= Just Before the War with the Eskimos =

Short story by J. D. Salinger

"Just Before the War with the Eskimos" is a short story by J. D. Salinger originally published in the June 5, 1948, issue of The New Yorker. It was anthologized in Salinger's 1953 collection Nine Stories, and reprinted for Bantam in Manhattan: Stories from the Heart of a Great City in 1954. It is a tale of adolescent alienation and redemption in a post-World War II setting. It focuses primarily on 15-year-old Ginnie Mannox's meeting with her classmate Selena Graff's older brother, Franklin.

Poet and New Yorker editor Dorothy Parker called the story "urbane, clever, and absolutely well-written". At the time of its publication, it confused but delighted its audience.

==Plot summary==
This story begins with an argument between high school classmates Ginnie Mannox and Selena Graff, who both attend Miss Basehoar’s school in Manhattan. Ginnie confronts Selena about Selena’s habit of leaving Ginnie to pick up the cab fare after the two play tennis each Saturday. Selena tries to explain to Ginnie that her mother has pneumonia and that Selena would rather bring the money to class later, but Ginnie insists that Selena reimburse her immediately. This dispute takes the two girls to Selena’s apartment, where Selena goes inside to get money from her mother, leaving Ginnie in the living room alone.

Most of the narrative follows Ginnie’s conversation with Franklin, Selena’s irreverent older brother, whom Ginnie meets while Selena is inside. Ginnie appears repulsed by Franklin, who slinks into the room wearing pajamas, pressing his hand on a bleeding finger, which he accidentally cut in the bathroom. During their conversation, Franklin reveals that he once met Ginnie’s sister, Joan, and considers her the “Queen of the goddam snobs.” He also mentions that his unexplained heart troubles prohibited him from entering the Army, and that he has been working in an airplane factory for the past thirty-seven months. Because it is lunch time, Franklin offers Ginnie half of his chicken sandwich, and then goes inside to get ready for his friend Eric’s arrival. Eric and Franklin have plans to see Cocteau’s Beauty and the Beast, which Eric considers brilliant. While he is gone, Eric arrives and complains to Ginnie at length about his roommate, who is a writer.
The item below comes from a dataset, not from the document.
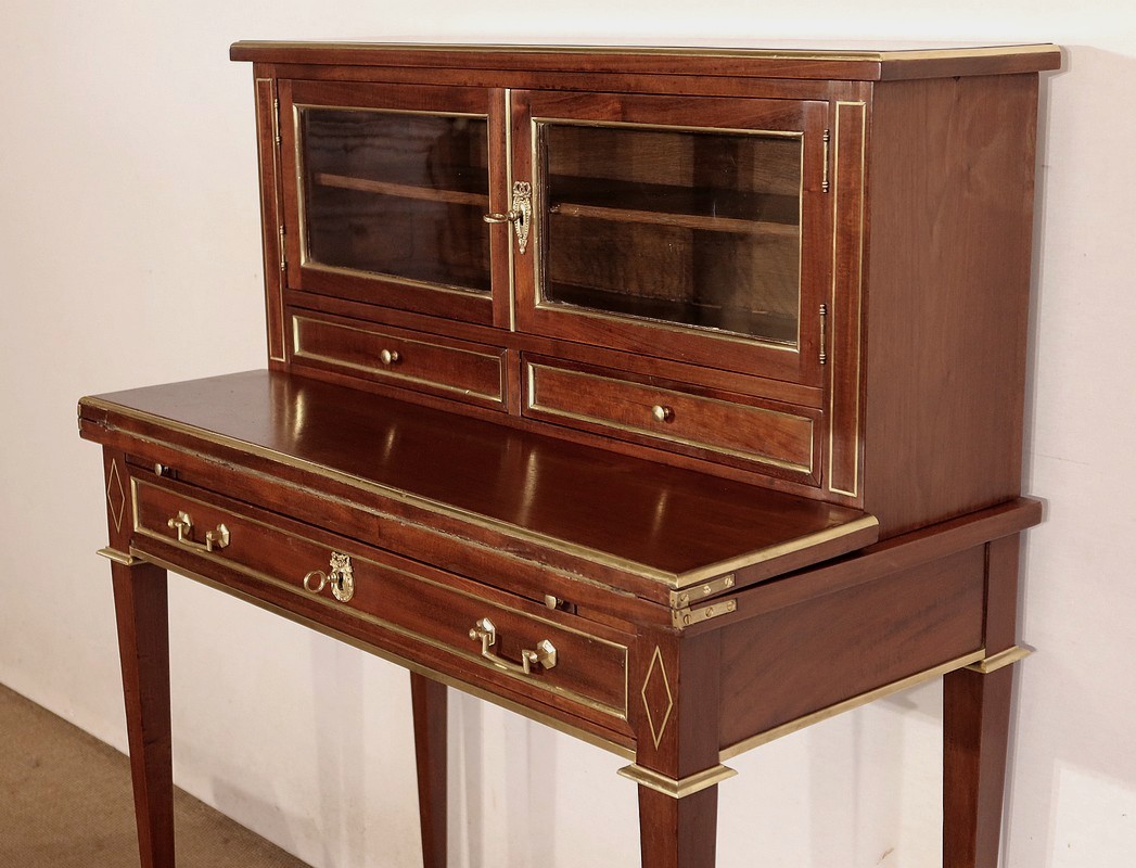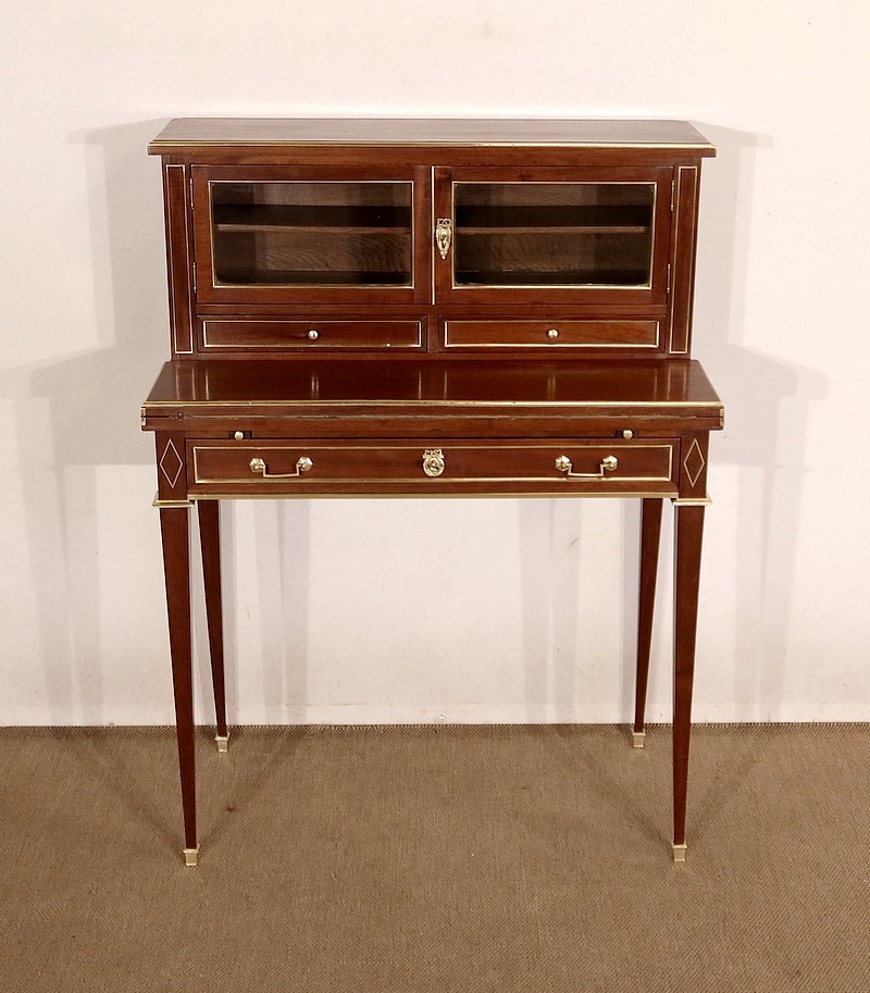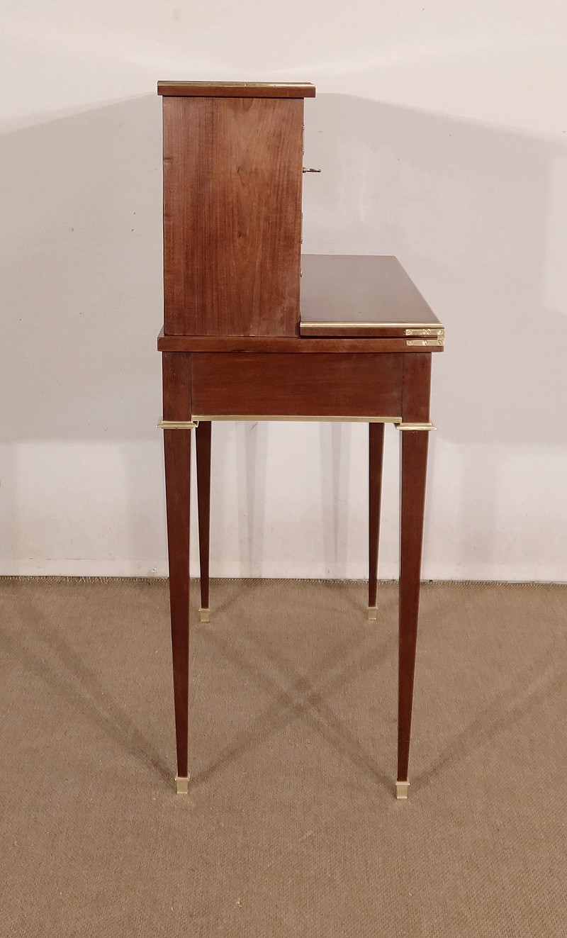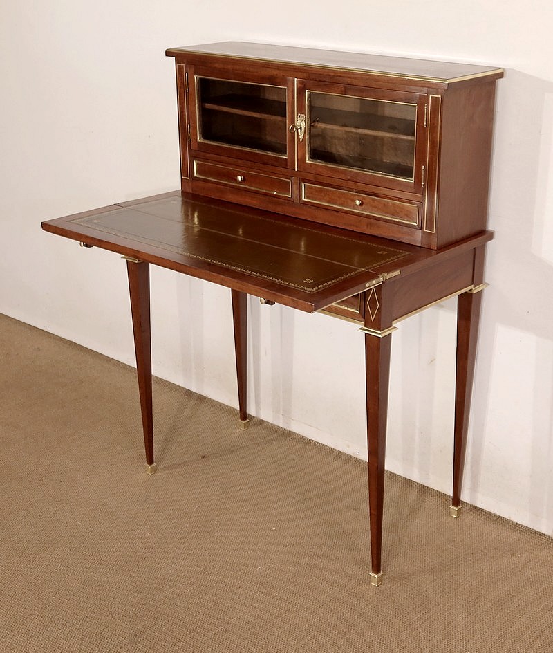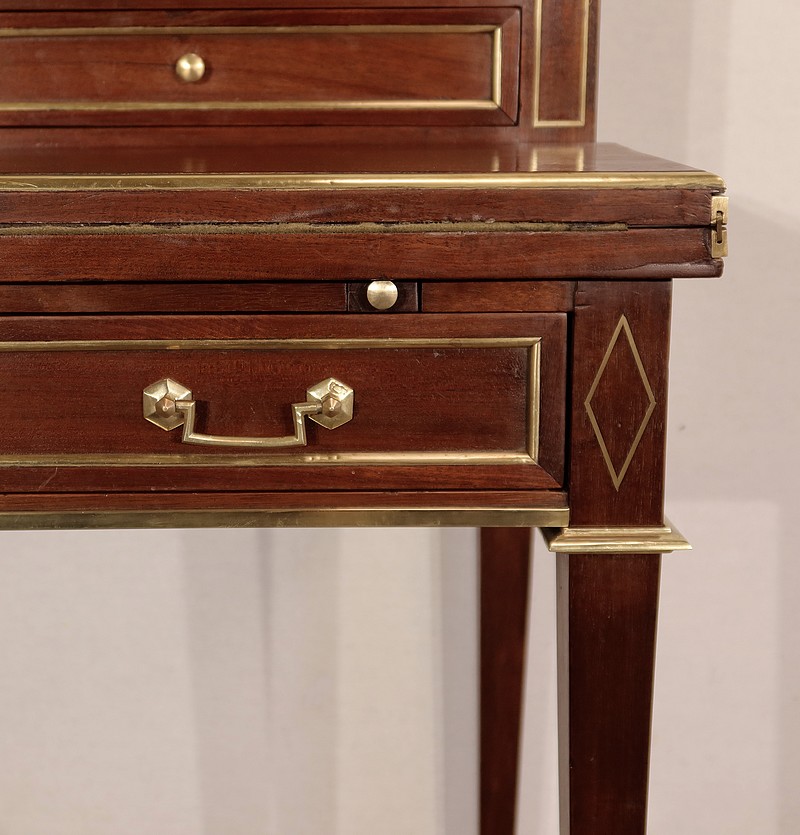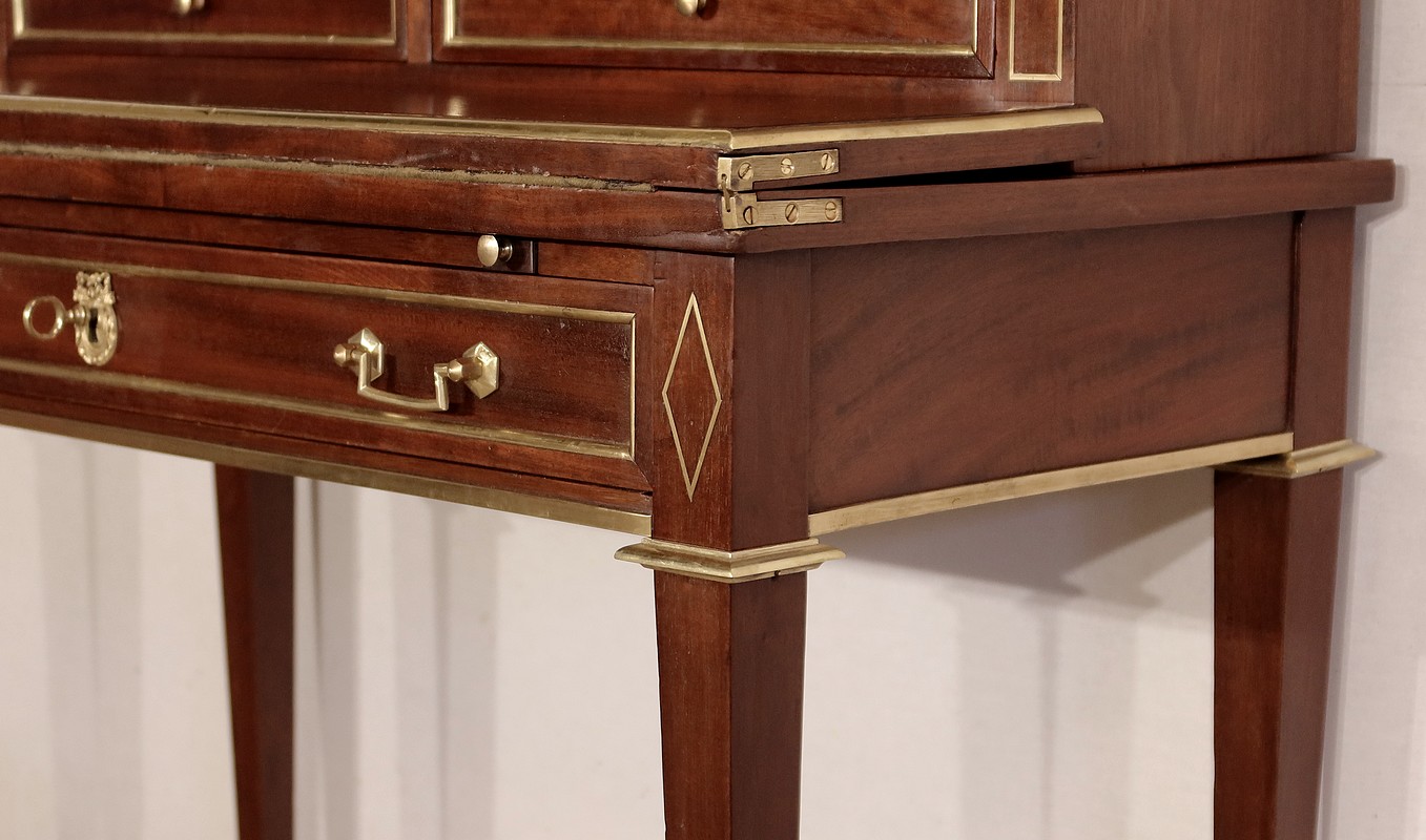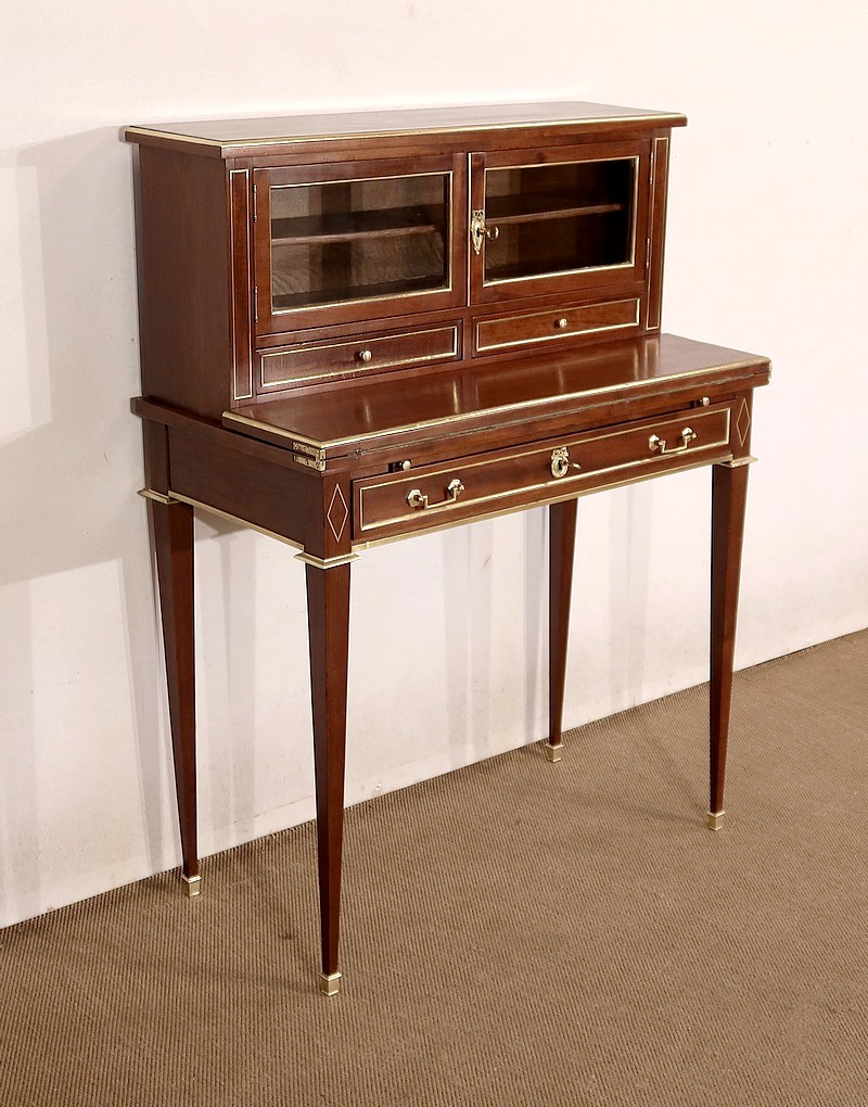 Meuble de dame dit « Bonheur-du-jour » dans le style Louis XVI, en acajou massif et placage d’acajou.

When Selena comes back to the living room with the money, Ginnie insists that Selena keep it. Ginnie also says she may come over later that afternoon, despite previously suggesting that she already had plans for that evening. During her walk to a bus stop, Ginnie considers throwing away the chicken sandwich Franklin gave her, but ultimately decides not to, remembering how it once took her three days to throw away a dead Easter chick.

==Analysis==
Many critics note the biblical symbolism that appears throughout this story. James E. Bryan argues that Franklin can be viewed as a Christ figure, in the same manner as the Fat Lady from Salinger’s Franny and Zooey, for Franklin is literally bleeding when Ginnie first meets him. Ginnie’s eventual acceptance of Franklin’s chicken sandwich, associated with her inability to discard a dead Easter chick, serves as her symbolic acceptance of Christ.